Its just a different pattern for different use-cases, at least in DB land. If you need complex querying, then KV probably isn't for you. But, if you need ridiculously fast lookups and perfect horizontal scalability, then you could equally say that SQL isn't for you, and KV is.

[+] nickdandakis|6 years ago|reply
Key-value stores satisfy a set of use-cases, as do NoSQL, and SQL.

Key-value is great when you have a key-value pair that you'd like to cache. Specifically in web workloads, maybe you'd like to cache the API response (value) to a certain API query (key) such that its returned without processing power from your backend. Or maybe user permissions per action, where they don't really change as they're reliant on the user's role.

I'm not entirely sure what a valid use-case would be for an embedded device, but if there's any kind of SQL query you would make on an embedded device that returns a response that hardly changes, you might also spin up some kind of key-value store such that it's returned without (well, faster than) SQL query time.

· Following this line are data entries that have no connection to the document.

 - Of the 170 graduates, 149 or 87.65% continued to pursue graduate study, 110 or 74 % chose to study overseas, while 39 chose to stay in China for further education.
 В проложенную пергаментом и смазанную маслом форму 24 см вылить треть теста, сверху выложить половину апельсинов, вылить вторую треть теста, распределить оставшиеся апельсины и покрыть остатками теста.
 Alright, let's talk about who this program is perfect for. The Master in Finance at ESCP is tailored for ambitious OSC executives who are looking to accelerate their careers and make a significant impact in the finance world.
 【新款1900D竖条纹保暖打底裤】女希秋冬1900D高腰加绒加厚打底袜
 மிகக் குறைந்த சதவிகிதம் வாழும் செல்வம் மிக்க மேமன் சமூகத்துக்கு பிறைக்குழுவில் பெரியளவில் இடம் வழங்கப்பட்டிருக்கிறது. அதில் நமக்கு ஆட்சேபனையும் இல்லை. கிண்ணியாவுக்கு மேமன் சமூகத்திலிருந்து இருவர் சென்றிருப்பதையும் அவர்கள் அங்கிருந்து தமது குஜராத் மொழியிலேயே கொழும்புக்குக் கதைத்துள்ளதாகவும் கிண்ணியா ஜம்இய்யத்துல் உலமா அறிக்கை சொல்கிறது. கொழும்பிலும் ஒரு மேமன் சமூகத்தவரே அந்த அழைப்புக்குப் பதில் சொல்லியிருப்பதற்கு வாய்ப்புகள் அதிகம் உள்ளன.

It probably doesn't make sense to completely replace a SQL database if you're trying to represent relational data.

[+] blaisio|6 years ago|reply
DynamoDB is useful for services that are likely to have a very large amount of load and require minimal maintenance. For example, Mozilla uses DynamoDB to back it's browser push notification sending service. It would be better if it supported SQL, like Google Spanner, but it's still useful.

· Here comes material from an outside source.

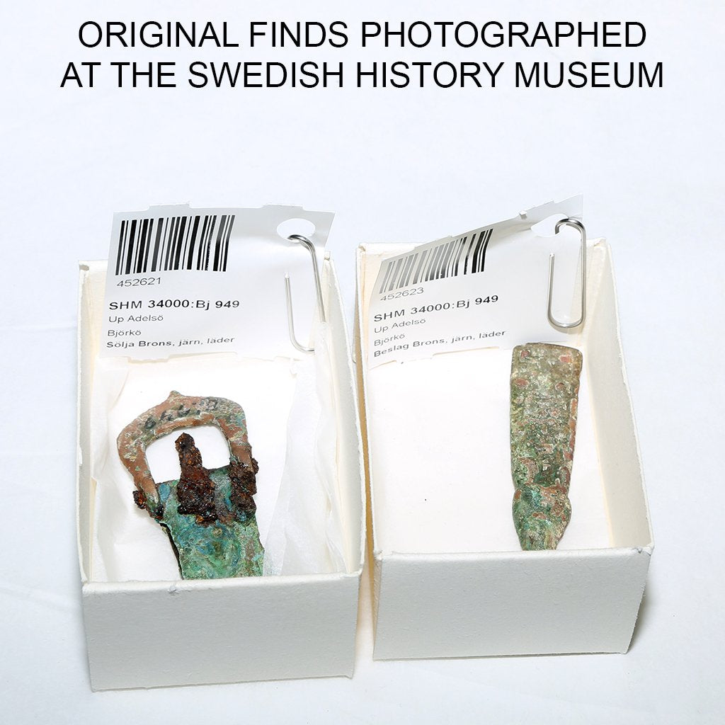 Wikingerzeitlicher Gürtel nach dem Fund aus dem Grab Bj 949 in Birka, Schweden. Wir haben die tatsächlichen Funde persönlich im Schwedischen Geschichtsmuseum untersucht.

Redis is useful because it can do so goddamn much. Caching, task queuing, hyperloglog, geospatial indexing. Set it up once, and it can replace a very large number of cloud services. And it has a lot of options for replication, backups, clustering, etc. It is like a Swiss army knife.

[+] JohnBooty|6 years ago|reply
You're not wrong about anything.

   Is this a technology I would only use when building websites at scale or something? 
Basically, though I'd amend that to read "websites that might need to scale at some point."

For a lot of projects, shared memory is a perfect choice. But if you might need to scale up to multiple instances at some point, shared memory obviously won't do. And since it's not like there's a huge penalty for using Redis, a lot of times it's just convenient to use it from the beginning.

[+] aledalgrande|6 years ago|reply
I find Redis is very useful when you need fast, temporary access to memory in a distributed system. I have used it several times as a distributed lock, or as storage for real-time computations in a distributed system that only use primitive values, for example aggregating page views into different clusters (hashes or sets in Redis) and then saving the result to DB.
[+] hmottestad|6 years ago|reply
The article mentions RocksDB, which is a great backend used in other databases. It's key value, but it can be used to build other databases, for instance graph databases.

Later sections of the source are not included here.